Ted Powell

Personal information
- Date of birth: 1940
- Place of birth: Sheffield, England
- Date of death: 22 September 2005 (aged 64–65)
- Position: Wing-half

Senior career*
- Years: Team / Apps / (Gls)
- Loughborough College
- Sutton United
- 1970–1972: Wycombe Wanderers / 76 / (0)

International career
- Great Britain
- England Amateurs / 51

Managerial career
- 1976–1977: Wycombe Wanderers
- 1977–1983: Malawi
- England U18

= Ted Powell =

English football manager (1940–2005)

Edward W. Powell (1940 – 22 September 2005) was an English amateur footballer who went on to coach the Malawi national team and the England Under-18 side which won the European Championship in 1993. Powell was a teacher at Sutton Grammar School in the late 1960s and early 1970s when he played amateur football for Sutton United.

==Early life==
Powell was brought up in Sheffield where he attended King Edward VII School from 1952 to 1959. He played in both the football and cricket First XIs.

He spent time with Loughborough College.

==Football career==
Powell was an amateur footballer.

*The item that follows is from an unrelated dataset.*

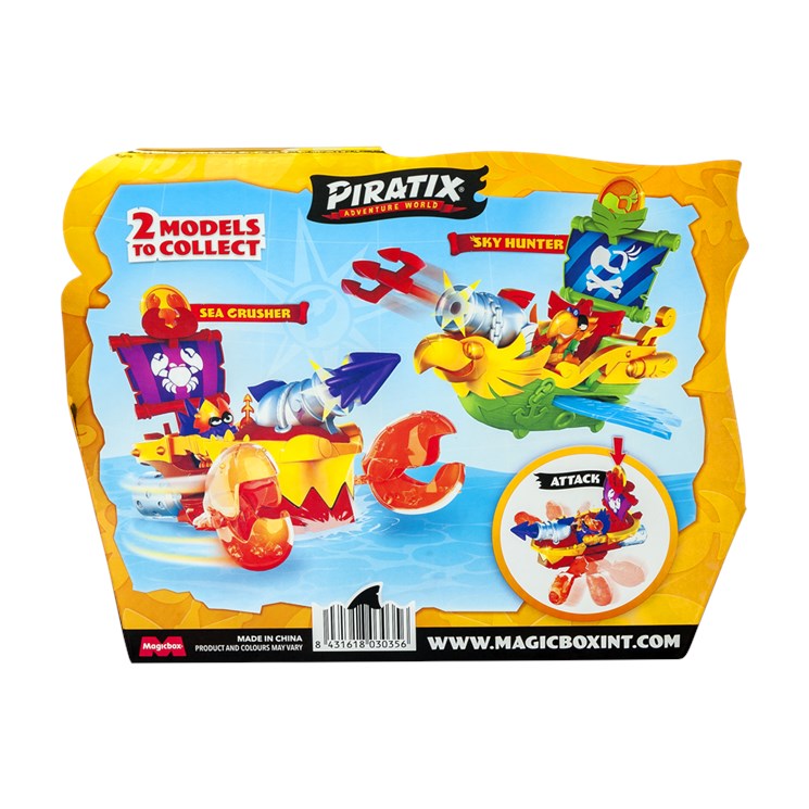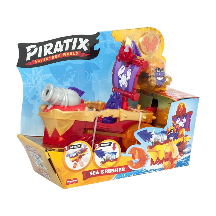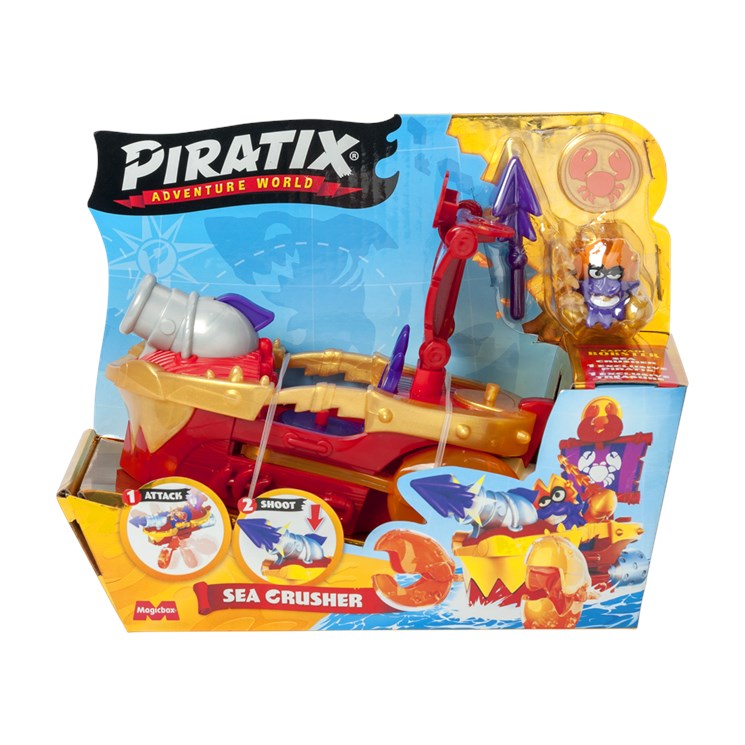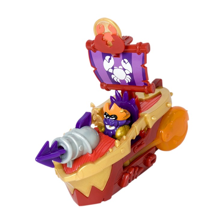 Barco pirata en forma de cangrejo con el Piratix exclusivo Captain Lobster. Usa su tesoro exclusivo para mover sus pinzas y disparar el cañón.

In the early 1960s he played for Yorkshire Amateur in the Yorkshire league. In the late 1960s and early 1970s he was a wing-half for Sutton United and Wycombe Wanderers, later managing both clubs, and represented both England Amateurs (51 caps) and the Great Britain Olympic team. In the 1968–69 season he broke his leg. He was also a member of the British national side which failed to qualify for the 1972 Summer Olympics.

He became a coach for The FA and later at Spurs at youth level. He was National Football Coach in Malawi from 1977 to 1983, during which time the team won the East and Central African challenge cup twice.

He coached the England Under-18 side to the 1993 UEFA European Under-18 Football Championship; the team included Paul Scholes, Gary Neville, Nicky Butt, Sol Campbell and Robbie Fowler.